Sen. Johnny Isakson (R-GA) broke with many GOP leaders and said he was against a government shutdown because it would endanger U.S. troops. “Well, I think as long as you’ve got men and women deployed in harm’s way in Afghanistan, the last thing in the world is you shut down the support system for those men and women,” he said.
Independent groups have so far spent $257.7 million to influence political campaigns this year, “nearly quadrupling such interest groups’ total spending in the last midterm election.” Conservative groups are outspending progressive ones by 2 to 1. The “2010 spending spree is shattering records” largely because of the Supreme Court’s Citizens United decision last January.

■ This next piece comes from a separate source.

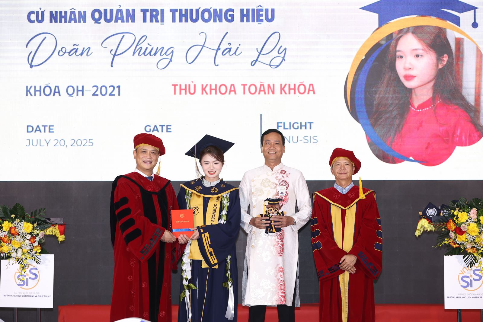 Doãn Phùng Hải Ly, sinh viên khóa QH-2021, ngành Quản trị Thương hiệu – Trường Khoa học liên ngành và Nghệ thuật, ĐHQGHN (VNU-SIS), vừa chính thức được vinh danh trong Chương trình Tuyên dương Thủ khoa các trường đại học trên địa bàn Hà Nội năm 2025. Đây là sự kiện thường niên do UBND Thành phố Hà Nội tổ chức nhằm tôn vinh những sinh viên có thành tích học tập và rèn luyện xuất sắc nhất Thủ đô. Hải Ly là sinh viên tốt nghiệp loại xuất sắc vào tháng 7/2025 vừa qua.
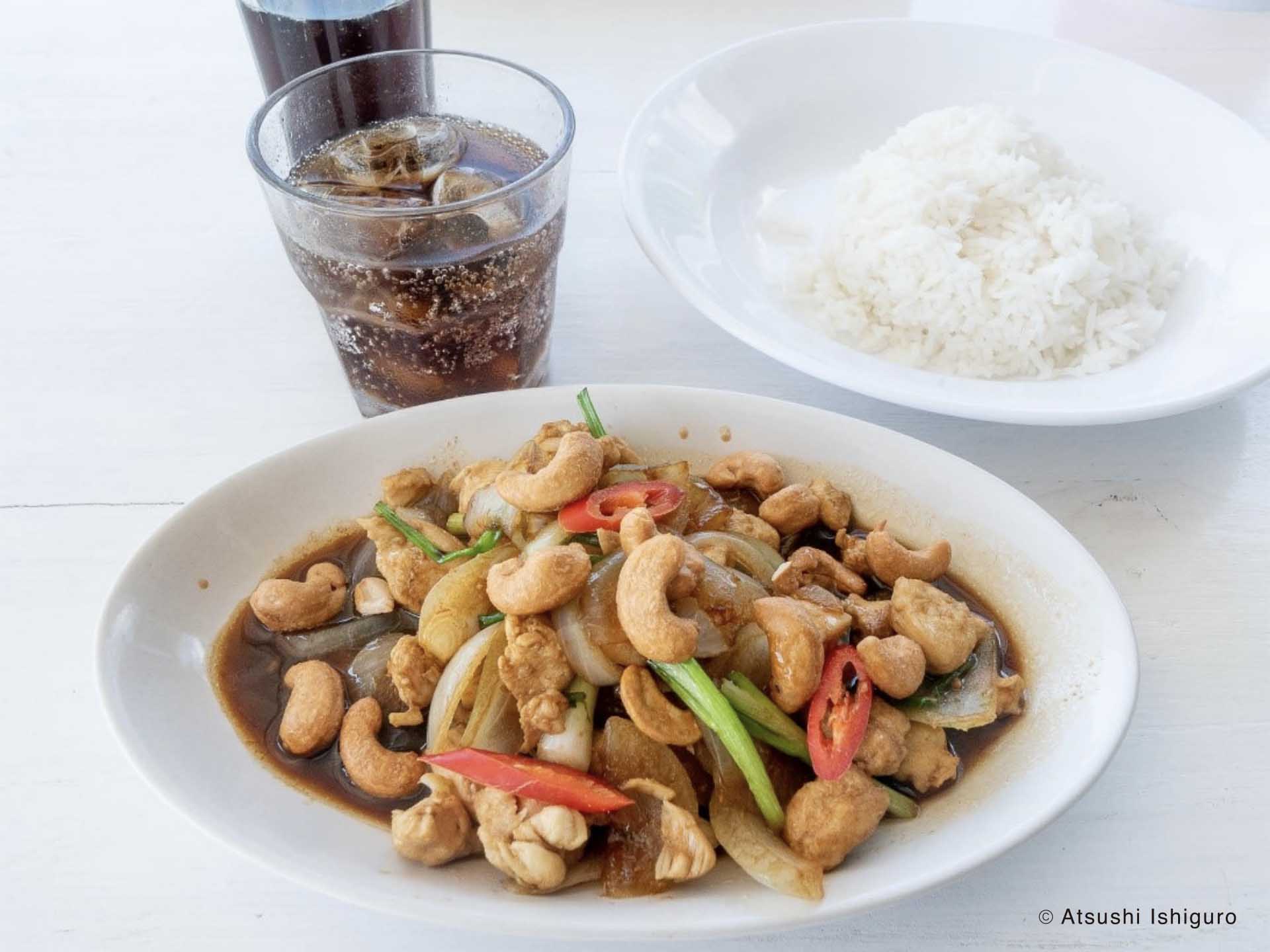 さて、お昼時になればおなかがすきます。ある日は街道沿いの食堂でチキンのカシューナッツ炒めを食べました。店員さんのおすすめです。

BP CEO Bob Dudley defended potentially dangerous deepwater drilling yesterday, claiming that BP is “one of only a handful of companies with the financial and technological strengths” able to perform such operations. It was Dudley’s first address since taking over the company, though he has once again declined to testify before a key House energy subcommittee.
The Iraq High Tribunal sentenced Saddam Hussein’s longtime foreign minister, Tariq Aziz, to death by hanging today “for persecuting members of Shiite religious parties under the former regime.” Already imprisoned for his role in the 1992 execution of 42 merchants and the forced displacement of Kurds in Iraq, the 74-year old has 30 days to appeal because the law dictates execution within 30 days of the final decision.
Jury selection will begin today in the money laundering trial of former Republican House Majority Leader Tom DeLay. DeLay was charged with laundering and conspiracy in 2005 for allegedly illegally funneling $190,000 in corporate money through the Republican National Committee to help elect GOP Texas legislative candidates in 2002.
The Obama administration announced new rules yesterday “to reduce greenhouse gas emissions and other pollutants by requiring greater fuel efficiency for big trucks, buses and other heavy-duty vehicles starting with 2014 models.” The new regulations call for a 20 percent reduction in heavy-vehicle emissions by 2018. Such vehicles make up 4 percent of the U.S. fleet, but consume 20 percent of all vehicle fuel.
At her rally yesterday, gubernatorial candidate Meg Whitman (R-CA) said she would only appoint judges who support the death penalty. While politicians “rarely commit to litmus tests,” Whitman said she’d “treat the death penalty as a litmus test” for all judicial nominations after criticizing her opponent Jerry Brown (D) for his “long history of judges that were very liberal.”
And finally: Vuvuzelas around the world will play in solemn remembrance of Paul the Octopus, who passed away today after accurately predicting the result of every German soccer match as well as the final in this year’s World Cup in South Africa. “Paul inspired people of all continents,” Paul’s owner Stefan Porwoll said in the statement. “He won all our hearts, and we will sorely miss him.”